• STUDY MATERIAL

================

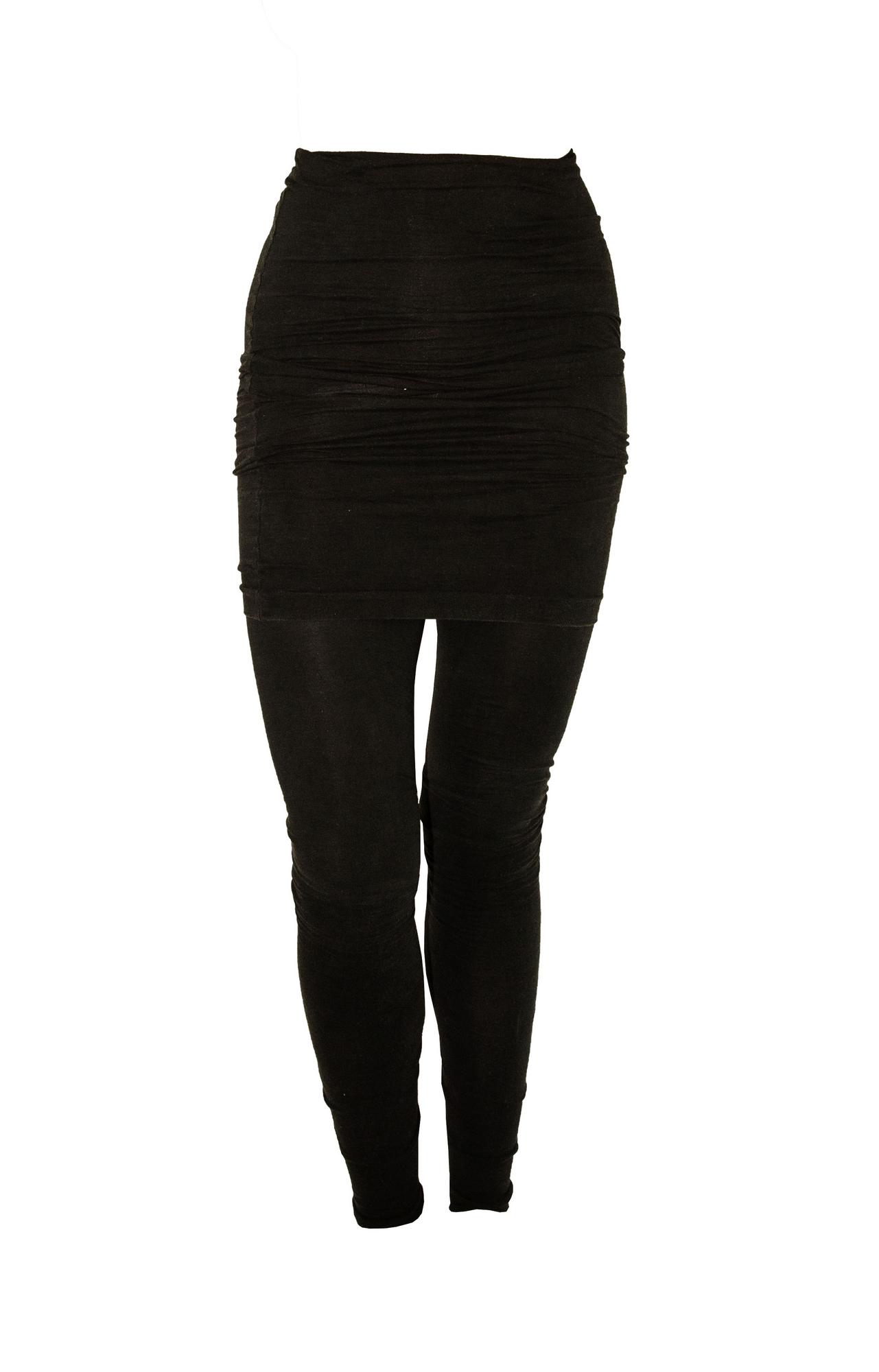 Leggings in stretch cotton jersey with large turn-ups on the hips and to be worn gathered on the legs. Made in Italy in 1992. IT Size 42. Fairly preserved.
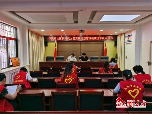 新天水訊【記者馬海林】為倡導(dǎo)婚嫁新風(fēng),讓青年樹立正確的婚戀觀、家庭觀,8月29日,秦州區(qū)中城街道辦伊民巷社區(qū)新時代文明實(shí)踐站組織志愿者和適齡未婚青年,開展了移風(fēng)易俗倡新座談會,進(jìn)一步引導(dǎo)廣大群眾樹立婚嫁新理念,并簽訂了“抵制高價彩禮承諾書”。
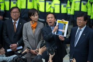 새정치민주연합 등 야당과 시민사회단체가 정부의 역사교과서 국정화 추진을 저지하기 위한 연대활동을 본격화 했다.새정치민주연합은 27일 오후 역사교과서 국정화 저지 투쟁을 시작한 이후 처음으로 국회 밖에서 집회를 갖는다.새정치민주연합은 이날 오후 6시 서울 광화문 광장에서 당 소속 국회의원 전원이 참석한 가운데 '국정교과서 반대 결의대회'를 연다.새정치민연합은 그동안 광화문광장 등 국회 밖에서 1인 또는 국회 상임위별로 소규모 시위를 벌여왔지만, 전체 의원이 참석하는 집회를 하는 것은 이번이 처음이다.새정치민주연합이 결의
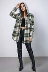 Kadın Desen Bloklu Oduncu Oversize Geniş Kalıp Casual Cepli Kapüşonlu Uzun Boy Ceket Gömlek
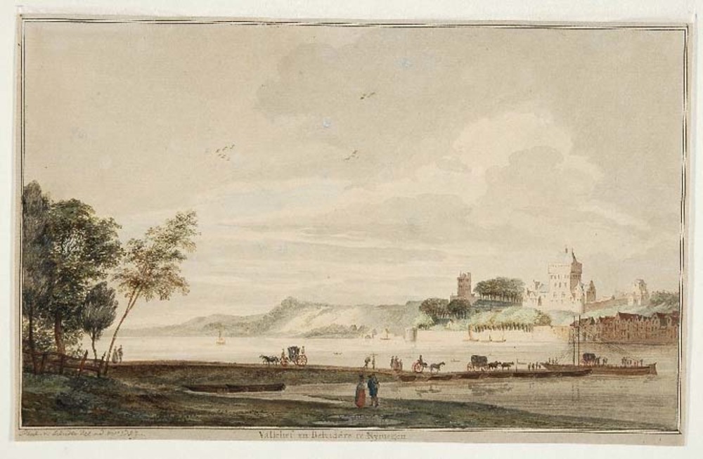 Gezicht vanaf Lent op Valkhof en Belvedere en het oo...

================

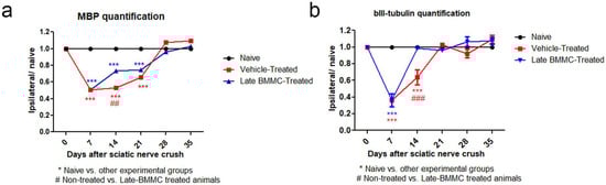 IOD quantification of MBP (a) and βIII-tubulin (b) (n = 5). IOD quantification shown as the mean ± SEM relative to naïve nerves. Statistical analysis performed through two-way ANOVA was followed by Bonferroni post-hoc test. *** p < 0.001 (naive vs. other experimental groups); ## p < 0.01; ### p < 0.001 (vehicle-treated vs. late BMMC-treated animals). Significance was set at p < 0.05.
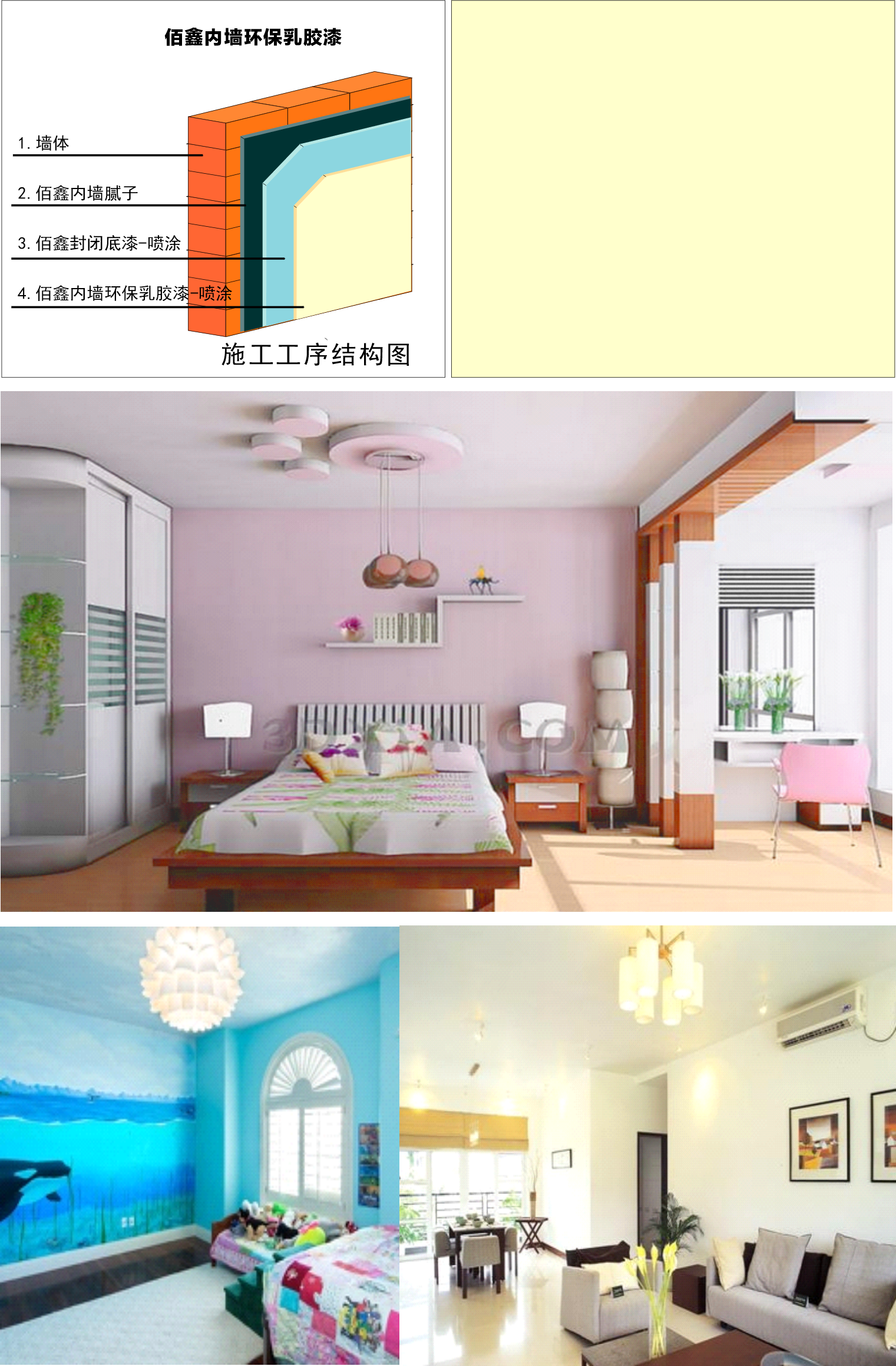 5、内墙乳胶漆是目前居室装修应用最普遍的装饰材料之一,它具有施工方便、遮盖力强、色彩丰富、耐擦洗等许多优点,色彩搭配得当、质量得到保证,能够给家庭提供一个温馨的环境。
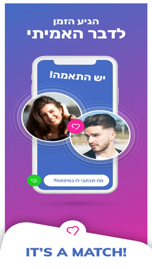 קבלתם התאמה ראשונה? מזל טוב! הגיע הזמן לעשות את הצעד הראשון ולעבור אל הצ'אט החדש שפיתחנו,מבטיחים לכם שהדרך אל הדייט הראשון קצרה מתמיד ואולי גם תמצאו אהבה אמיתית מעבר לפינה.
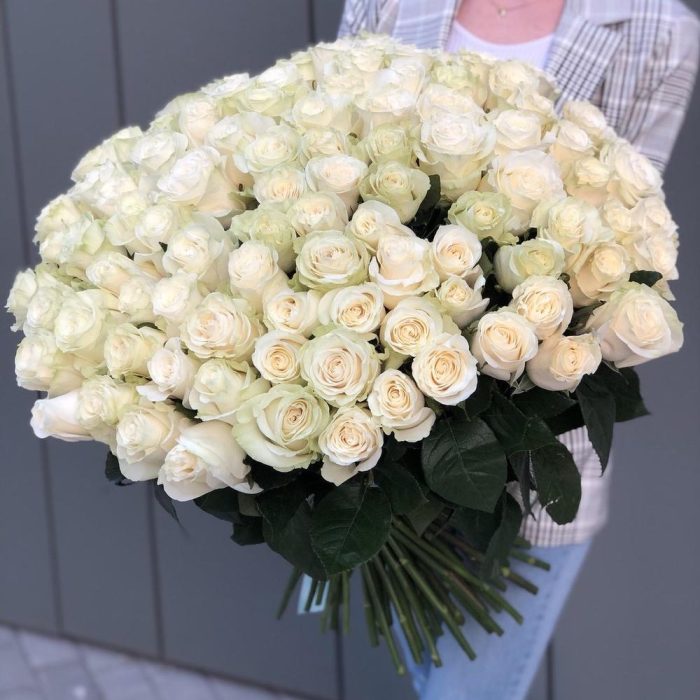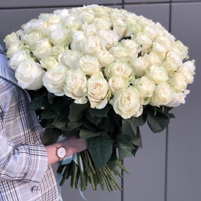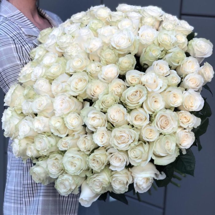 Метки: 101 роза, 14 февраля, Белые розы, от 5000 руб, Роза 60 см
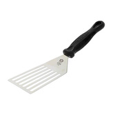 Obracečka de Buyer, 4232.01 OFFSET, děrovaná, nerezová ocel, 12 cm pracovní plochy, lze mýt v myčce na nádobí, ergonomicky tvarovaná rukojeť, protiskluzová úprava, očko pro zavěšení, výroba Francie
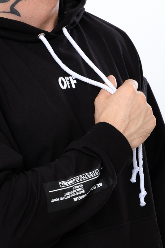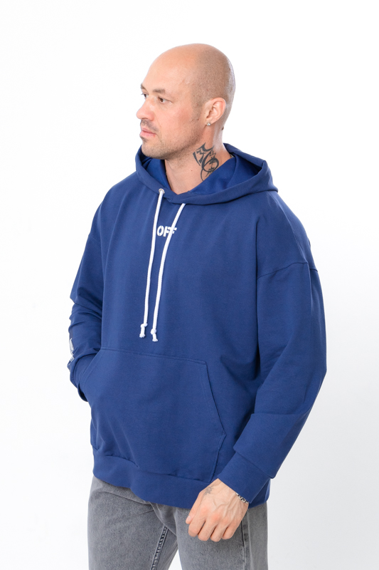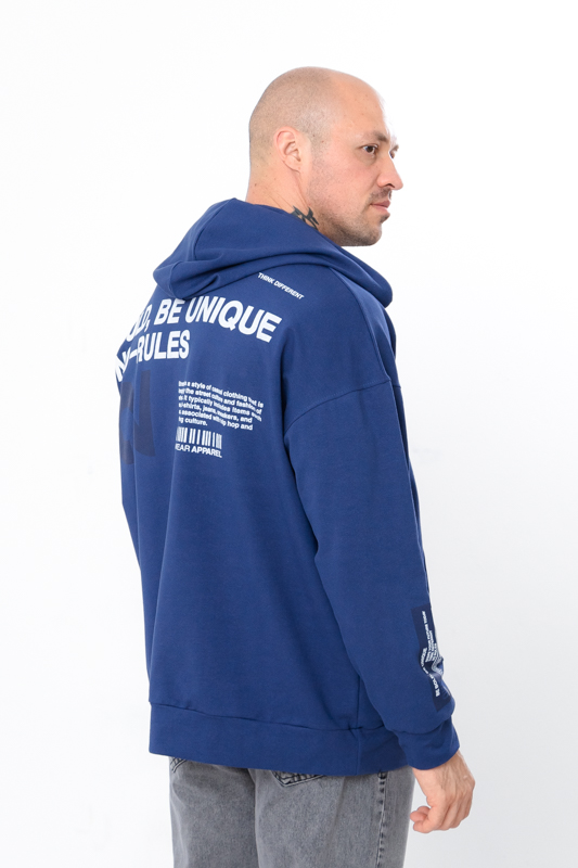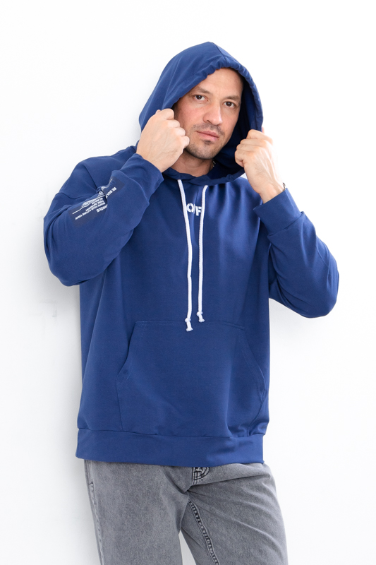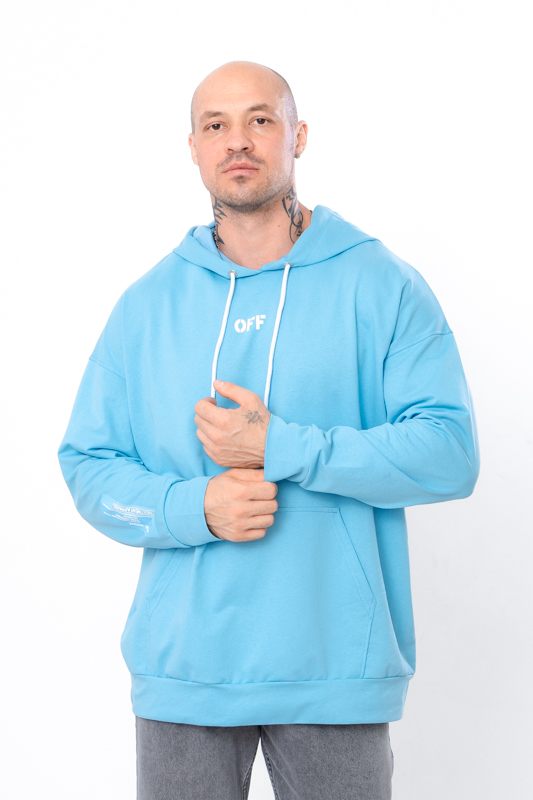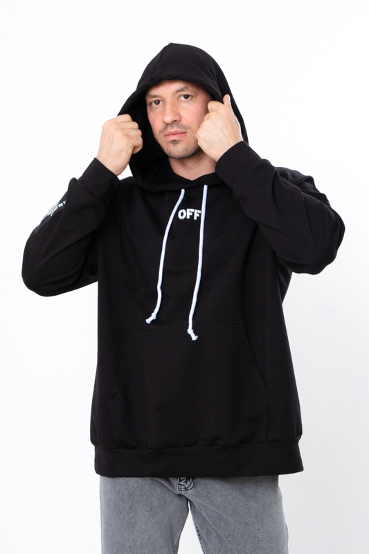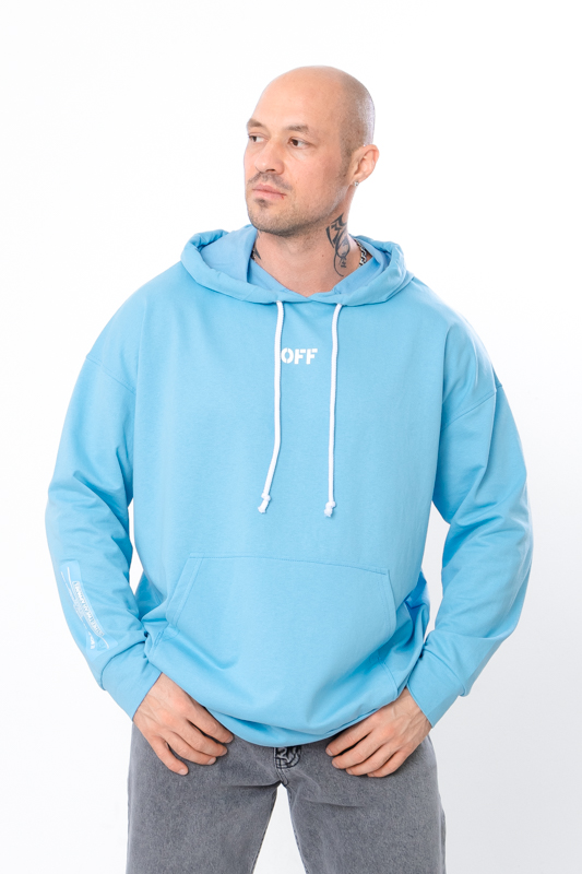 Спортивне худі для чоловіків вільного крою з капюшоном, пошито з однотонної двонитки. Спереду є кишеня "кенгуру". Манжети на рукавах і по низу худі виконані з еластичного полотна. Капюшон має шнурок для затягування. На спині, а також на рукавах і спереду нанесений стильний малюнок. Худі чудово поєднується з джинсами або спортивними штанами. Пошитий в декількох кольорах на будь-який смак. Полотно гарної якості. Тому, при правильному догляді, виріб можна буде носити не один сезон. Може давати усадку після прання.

================

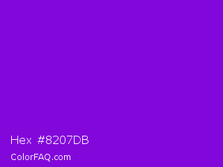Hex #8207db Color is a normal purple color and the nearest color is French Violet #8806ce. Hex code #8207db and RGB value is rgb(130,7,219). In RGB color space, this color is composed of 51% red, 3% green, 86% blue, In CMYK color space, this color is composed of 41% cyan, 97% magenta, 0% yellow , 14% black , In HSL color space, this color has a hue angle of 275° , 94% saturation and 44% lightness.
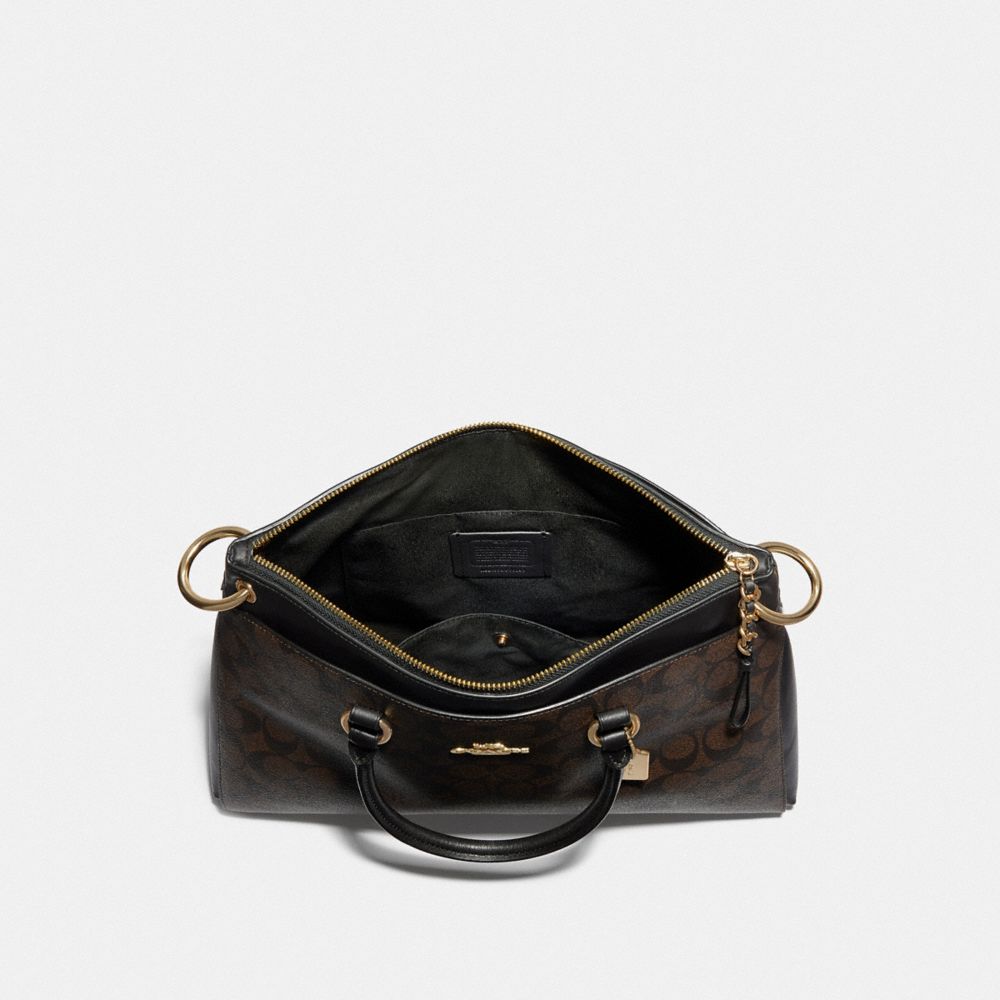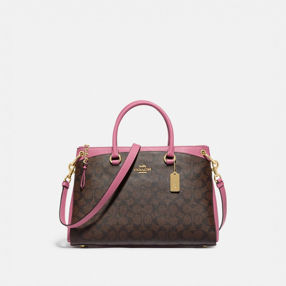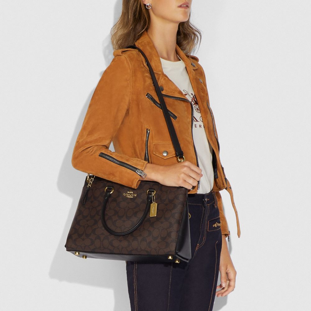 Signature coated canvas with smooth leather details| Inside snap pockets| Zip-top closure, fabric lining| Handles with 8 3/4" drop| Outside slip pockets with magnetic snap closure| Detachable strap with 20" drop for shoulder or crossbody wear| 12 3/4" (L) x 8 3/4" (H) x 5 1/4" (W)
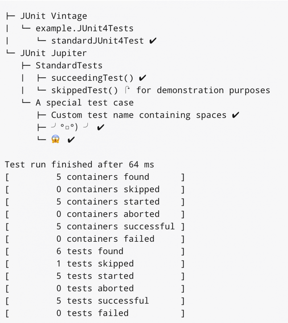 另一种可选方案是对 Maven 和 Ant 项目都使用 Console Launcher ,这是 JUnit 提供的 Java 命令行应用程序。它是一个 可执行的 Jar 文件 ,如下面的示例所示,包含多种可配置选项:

================

• WHAT YOU WILL DO
Using the data above, which lines fall from the one with "Leggings in stretch" through the one with "Gezicht vanaf Lent"? Repeat them exactly, ends included, minus any pictures.

• OUTPUT
 Leggings in stretch cotton jersey with large turn-ups on the hips and to be worn gathered on the legs. Made in Italy in 1992. IT Size 42. Fairly preserved.
 新天水訊【記者馬海林】為倡導(dǎo)婚嫁新風(fēng),讓青年樹立正確的婚戀觀、家庭觀,8月29日,秦州區(qū)中城街道辦伊民巷社區(qū)新時代文明實(shí)踐站組織志愿者和適齡未婚青年,開展了移風(fēng)易俗倡新座談會,進(jìn)一步引導(dǎo)廣大群眾樹立婚嫁新理念,并簽訂了“抵制高價彩禮承諾書”。
 새정치민주연합 등 야당과 시민사회단체가 정부의 역사교과서 국정화 추진을 저지하기 위한 연대활동을 본격화 했다.새정치민주연합은 27일 오후 역사교과서 국정화 저지 투쟁을 시작한 이후 처음으로 국회 밖에서 집회를 갖는다.새정치민주연합은 이날 오후 6시 서울 광화문 광장에서 당 소속 국회의원 전원이 참석한 가운데 '국정교과서 반대 결의대회'를 연다.새정치민연합은 그동안 광화문광장 등 국회 밖에서 1인 또는 국회 상임위별로 소규모 시위를 벌여왔지만, 전체 의원이 참석하는 집회를 하는 것은 이번이 처음이다.새정치민주연합이 결의
 Kadın Desen Bloklu Oduncu Oversize Geniş Kalıp Casual Cepli Kapüşonlu Uzun Boy Ceket Gömlek
 Gezicht vanaf Lent op Valkhof en Belvedere en het oo...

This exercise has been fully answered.